One in 33 teens say they have tried the powerful drug meth. In a new national survey, the average age that those teens first tried meth was 12 years old. One middle school in Hazard is gaining national attention for what they're doing to change those alarming numbers.
They're the "Dawgs Patrolling Drugs", a group of 10 to 14 year old students at Roy G. Eversole Middle School that has more than one reason to fight the epidemic.
"My mom had a drug problem. She's been in and out of jail. She just got out of treatment and had to go back," said student Paige Williams.
All but two of these students have a similar story. That's why they say they're not surprised by the meth project results where one in ten students say they've been offered drugs and about 25 percent say drugs are easy to get at any age.

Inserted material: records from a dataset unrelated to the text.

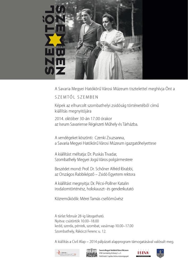 A Holokauszt Emlékév 2014 alkalmából nyílik kiállítás október 30-án, 17 órakor Szemtől szemben - Képek az elhurcolt szombathelyi zsidóság történetéből címmel az Iseum Savariense Régészeti Műhely és Tárházbában.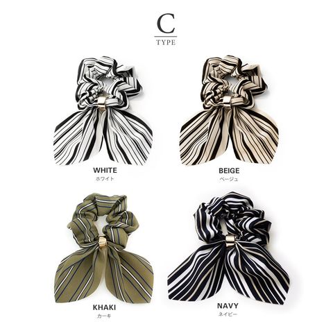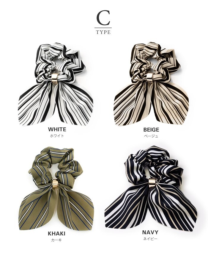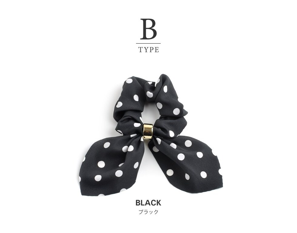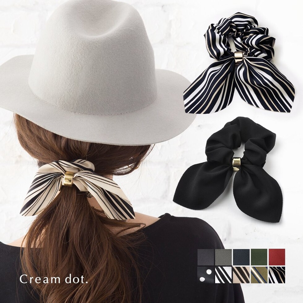 ヘアアクセサリー レディース 10色 シュシュ リボン 軽い ボリューム 大きめ メタル スカーフ柄 無地 ドット ストライプ ペイズリー ヘアゴム cream dot ゆうパケット [C:ベージュ_ワンサイズ]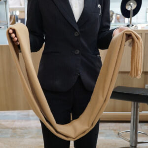 老若男女問わずお使い頂ける巻き方で、端の部分をずらしたり、結び目の位置を変えたり、すこしねじりを加えたり、簡単にアレンジをすることができます!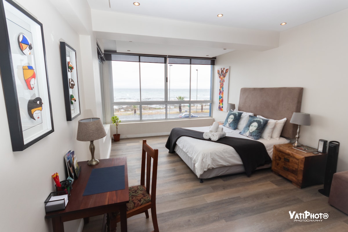 Newly renovated studio with wonderful sea views. The apartment is ideal for one or two people on holiday or for business. Kitchen is fully equipped for cooking. The apartment has WiFi as well as a smart TV with Netflix. The complex is situated in Sea Point, just a 2 minute walk from the promenade and a 5 minutes drive to the Waterfront, Clifton and Camps Bay beaches. Secure parking is available. 24 hours security/doorman are present. There is also an inverter for load shedding.

It's also the drive behind their passion. While creating a new drug policy for their school, these students say they found several surprising factors.
"It has to be stopped as soon as possible," said student Beau Davis.
Their teacher, Mendy Meehan, says the students wanted a no tolerance drug policy but got the school board to pass something nearly as strong.
"It used to be three times, but now if you get caught two times with drugs, you're suspended," said student Kendra Kidd.
They've held student government elections, anti-drug pep rallies and now they're working for every student to be drug tested, not just athletes. In the spring, the hallways will be painted with anti-drug murals to get more attention.